Extracted data entries:
§

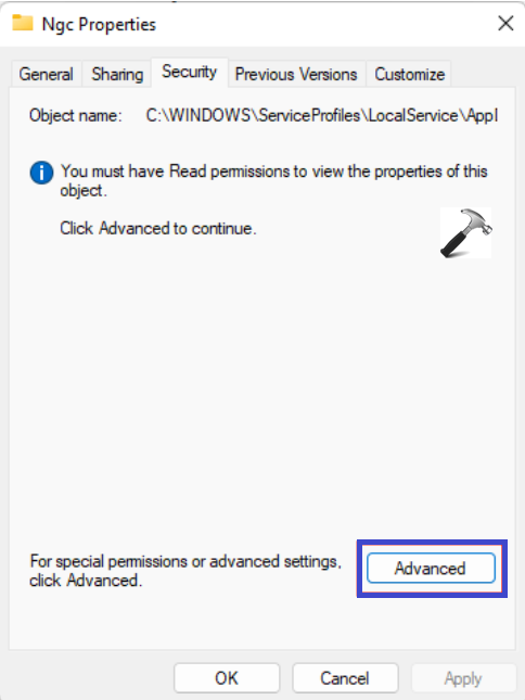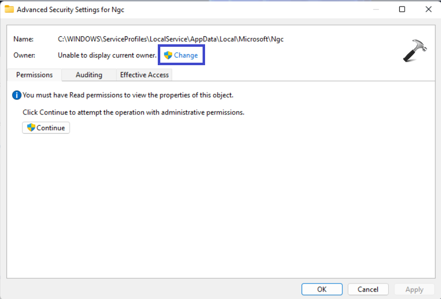6. Il revient à l'interface Paramètres de sécurité avancés pour Ngc. Mais cette interface n’est plus la même qu’avant. Maintenant, vous pouvez voir leRemplacer le propriétaire sur les sous-conteneurs et les objetsoption sous Propriétaire. Vous devez cocher cette option pour continuer.
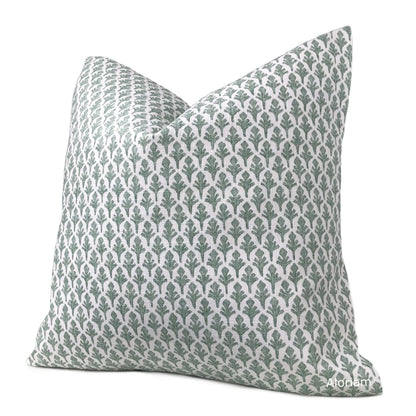 Ponce Eucalyptus Green White Leaf Print Pillow Cover (Lacefield Designs fabric available by the yard)
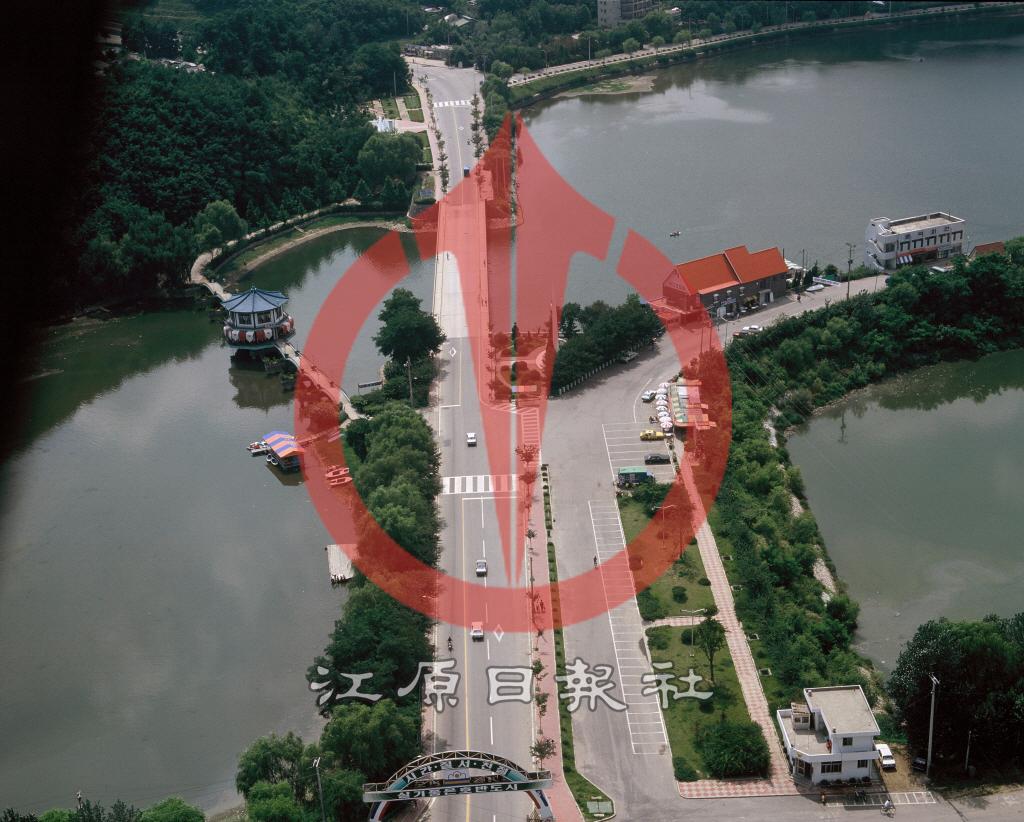 1984년 근화동 공지천 인근 항공촬영. 공지천 매립 전으로 팔각정, 공지천 옛 다리. 공지천교, 이디오피아의 집, 명덕회관(강원도노인복지회관) 등이 보인다.
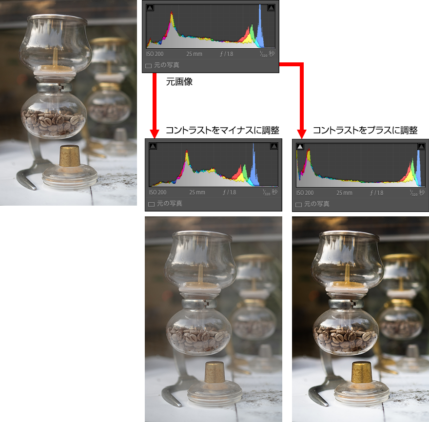スライダーを左にずらす(値がマイナスになる方向)とコントラストが低下し、写真はやわらかな印象になる。スライダーを右にずらす(値がプラスになる方向)とコントラストが高くなり、写真はクッキリと見えるようになるが、調整しすぎると白飛びや黒つぶれが生じやすくなる。作例では「コントラスト」の値をマイナス側とプラス側に調整している。プラス側に調整した写真では、コントラストを強めたために黒潰れや白飛びが起きかけている。
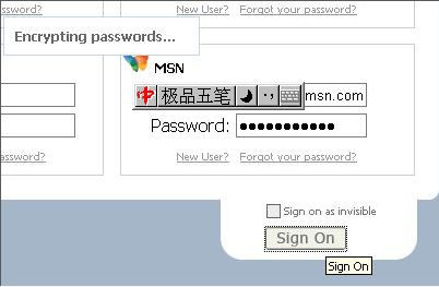 以MSN为例。输入登陆名与密码后,按下“Sign On ”
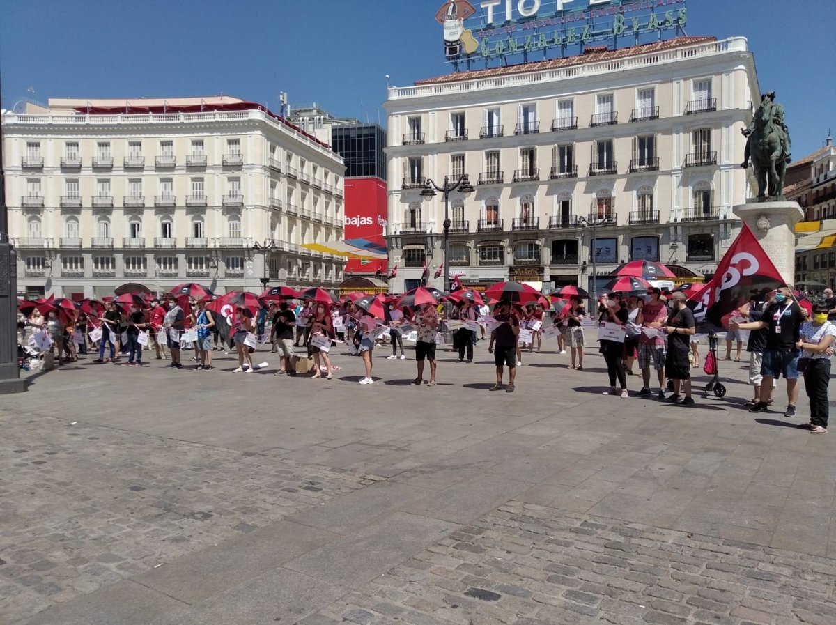 Un centenar de personas de la Confederación General de Trabajadores (CGT) se ha concentrado este mediodía en la Puerta del Sol, con paraguas y respetando las distancias de seguridad, para pedir la dimisión de la presidenta de la Comunidad de Madrid, Isabel Díaz Ayuso, por la gestión de la crisis del coronavirus, y para exigir que esta nueva crisis no la paguen los colectivos más vulnerables y precarios.
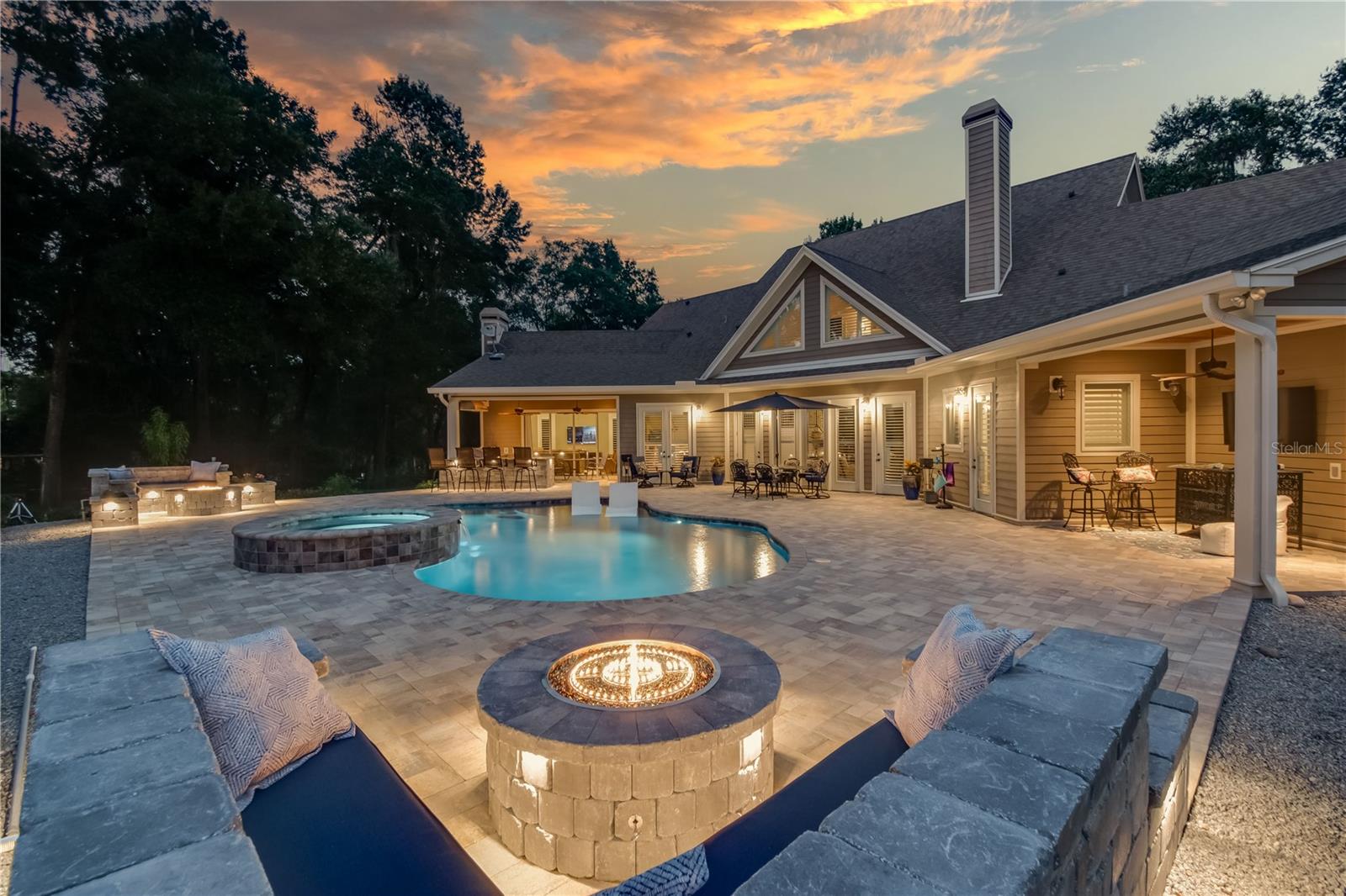 Localizado na tranquila área de Hill Shady, esta impressionante fazenda de cavalos da Flórida Central combina a vida de luxo com funcionalidade equestre. Situado em quase 5 acres fechados e fechados com carvalhos maduros, a propriedade oferece um ambiente privado e parecido com um parque. A casa principal de dois andares personalizada possui 4 quartos, 4 banheiros completos e 2 meio, mostrando acabamentos de luxo por toda parte. Os destaques interiores incluem tetos altos com bandeja, catedral e detalhes em capital, moldagem por coroa, embutidos e janelas amplas com vistas dos terrenos. A cozinha do chef oferece aparelhos de aço inoxidável, gama de gás, ilha central grande com bar de café da manhã, armários generosos e despensa, abrindo para um recanto de café da manhã e sala de família com lareira a gás e portas francesas para o convés da piscina. A suíte primária do primeiro andar possui uma lareira a gás, armários personalizados e um enluite no estilo de spa, com vaidades duplas, chuveiro e banheira de jacuzzi. No andar de cima são quartos adicionais, vários banheiros e uma sala de bônus versátil acima da garagem. Perfeito para entretenimento, a área de estar ao ar livre possui uma piscina e spa de água salgada personalizados, lanchonete coberto com cozinha de verão, bar embutido e vários fogueiras, todos complementados por um sistema de iluminação completo. Uma casa de carruagem personalizada isolada oferece acomodações flexíveis de hóspedes ou sogros, facilmente acessíveis, graças a uma nova via de pavimentação. Uma garagem de ônibus em tamanho normal e uma garagem para brinquedos de 2 baías também estão no local, oferecendo amplo espaço para veículos extras de todas as formas e tamanhos. As comodidades equestres incluem um celeiro de 2 salas com sala de alimentação e um pasto grande, facilmente adaptável para paddocks adicionais. Idealmente, a minutos do Florida Horse Park e a 30 minutos do World Equestrian Center (WEC), hits, OBS e Ocala International Airport, esta propriedade excepcional oferece uma combinação incomparável de vida de luxo e conveniência equestre.

§

### [Assignment]
Reproduce the data exactly, please, and omit its pictures.

### [Output for this exercise]
6. Il revient à l'interface Paramètres de sécurité avancés pour Ngc. Mais cette interface n’est plus la même qu’avant. Maintenant, vous pouvez voir leRemplacer le propriétaire sur les sous-conteneurs et les objetsoption sous Propriétaire. Vous devez cocher cette option pour continuer.
 Ponce Eucalyptus Green White Leaf Print Pillow Cover (Lacefield Designs fabric available by the yard)
 1984년 근화동 공지천 인근 항공촬영. 공지천 매립 전으로 팔각정, 공지천 옛 다리. 공지천교, 이디오피아의 집, 명덕회관(강원도노인복지회관) 등이 보인다.
スライダーを左にずらす(値がマイナスになる方向)とコントラストが低下し、写真はやわらかな印象になる。スライダーを右にずらす(値がプラスになる方向)とコントラストが高くなり、写真はクッキリと見えるようになるが、調整しすぎると白飛びや黒つぶれが生じやすくなる。作例では「コントラスト」の値をマイナス側とプラス側に調整している。プラス側に調整した写真では、コントラストを強めたために黒潰れや白飛びが起きかけている。
 以MSN为例。输入登陆名与密码后,按下“Sign On ”
 Un centenar de personas de la Confederación General de Trabajadores (CGT) se ha concentrado este mediodía en la Puerta del Sol, con paraguas y respetando las distancias de seguridad, para pedir la dimisión de la presidenta de la Comunidad de Madrid, Isabel Díaz Ayuso, por la gestión de la crisis del coronavirus, y para exigir que esta nueva crisis no la paguen los colectivos más vulnerables y precarios.
 Localizado na tranquila área de Hill Shady, esta impressionante fazenda de cavalos da Flórida Central combina a vida de luxo com funcionalidade equestre. Situado em quase 5 acres fechados e fechados com carvalhos maduros, a propriedade oferece um ambiente privado e parecido com um parque. A casa principal de dois andares personalizada possui 4 quartos, 4 banheiros completos e 2 meio, mostrando acabamentos de luxo por toda parte. Os destaques interiores incluem tetos altos com bandeja, catedral e detalhes em capital, moldagem por coroa, embutidos e janelas amplas com vistas dos terrenos. A cozinha do chef oferece aparelhos de aço inoxidável, gama de gás, ilha central grande com bar de café da manhã, armários generosos e despensa, abrindo para um recanto de café da manhã e sala de família com lareira a gás e portas francesas para o convés da piscina. A suíte primária do primeiro andar possui uma lareira a gás, armários personalizados e um enluite no estilo de spa, com vaidades duplas, chuveiro e banheira de jacuzzi. No andar de cima são quartos adicionais, vários banheiros e uma sala de bônus versátil acima da garagem. Perfeito para entretenimento, a área de estar ao ar livre possui uma piscina e spa de água salgada personalizados, lanchonete coberto com cozinha de verão, bar embutido e vários fogueiras, todos complementados por um sistema de iluminação completo. Uma casa de carruagem personalizada isolada oferece acomodações flexíveis de hóspedes ou sogros, facilmente acessíveis, graças a uma nova via de pavimentação. Uma garagem de ônibus em tamanho normal e uma garagem para brinquedos de 2 baías também estão no local, oferecendo amplo espaço para veículos extras de todas as formas e tamanhos. As comodidades equestres incluem um celeiro de 2 salas com sala de alimentação e um pasto grande, facilmente adaptável para paddocks adicionais. Idealmente, a minutos do Florida Horse Park e a 30 minutos do World Equestrian Center (WEC), hits, OBS e Ocala International Airport, esta propriedade excepcional oferece uma combinação incomparável de vida de luxo e conveniência equestre.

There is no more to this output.